広島高等裁判所松江支部 昭和26年(う)191号 判決 1952年2月11日
控訴人 被告人 島根文化産業株式会社 外一名
弁護人 原定夫
検察官 中野和夫関与
主文
本件各控訴を棄却する。
理由
弁護人原定夫の控訴趣意は末尾に添附した別紙記載のとおりでこれに対する当裁判所の判断は、次のとおりである。
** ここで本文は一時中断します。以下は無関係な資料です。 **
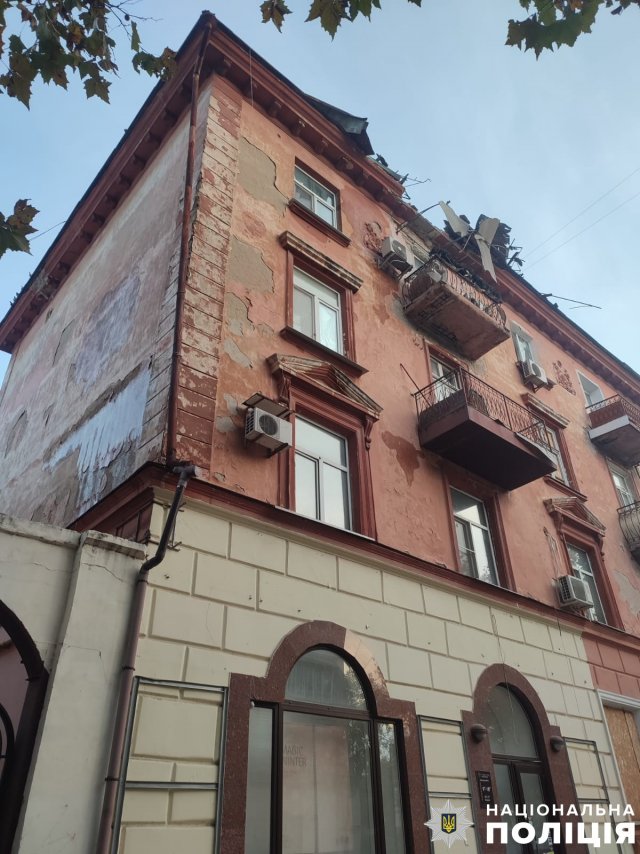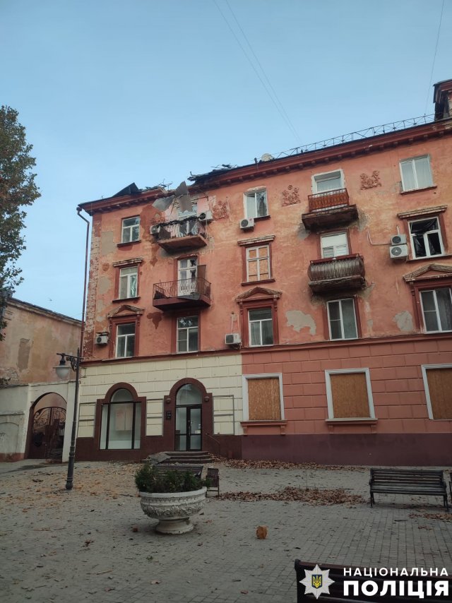Через нічний обстріл центру Херсона постраждав багатоквартирний будинок, у якому значно пошкоджено дах, балкони, комунікації у квартирах та вибито вікна на верхніх поверхах.

第一点の一、について。労働基準法第百二十一条はいわゆる両罰主義を採用した者であるところ、同条第一項は違反行為者として事業主のために行為した代理人、使用人その他の従業者と規定し、法人の機関たる代表者で違反行為者である場合を掲げていないので同条項の解釈上事業主が法人である場合にその機関たる代表者が違反行為をした時には事業主を処罰することができないような外観を呈しているけれども、違反行為者が代表者である場合とその他の場合を区別すべき根拠がないばかりでなく、同条第二項は事業主が法人である場合におけるその代表者が違反の計画を知りその防止に必要な措置を講じなかつた場合、違反行為を知りその是正に必要な措置を講じなかつた場合又は違反を教唆した場合においてはその代表者も行為者として処罰する旨明定し、この場合においては法人の代表者は自ら違反行為をしないにもかゝわらず「行為者」として直接違反行為をした代理人、使用人その他の従業者と共に処罰され、更に同条第一項の適用により事業主たる法人に対しても制裁を及ぼすことを予期しているのであるから、更に一歩を進めて法人の代表者が直接違反行為をした時は一層強い理由で法人を処罰する必要があり従つてこの場合に法人を処罰することは当然言うを待たないこととしてこれを明示しなかつたものと解するを相当とする。されば、原判決が直接違反行為をした被告会社代表者たる被告人勝部を処罰すると共に労働基準法第百二十一条第一項を適用して事業主たる被告会社をも処罰したのは正当であつて、法令適用の誤はない。論旨は理由がない。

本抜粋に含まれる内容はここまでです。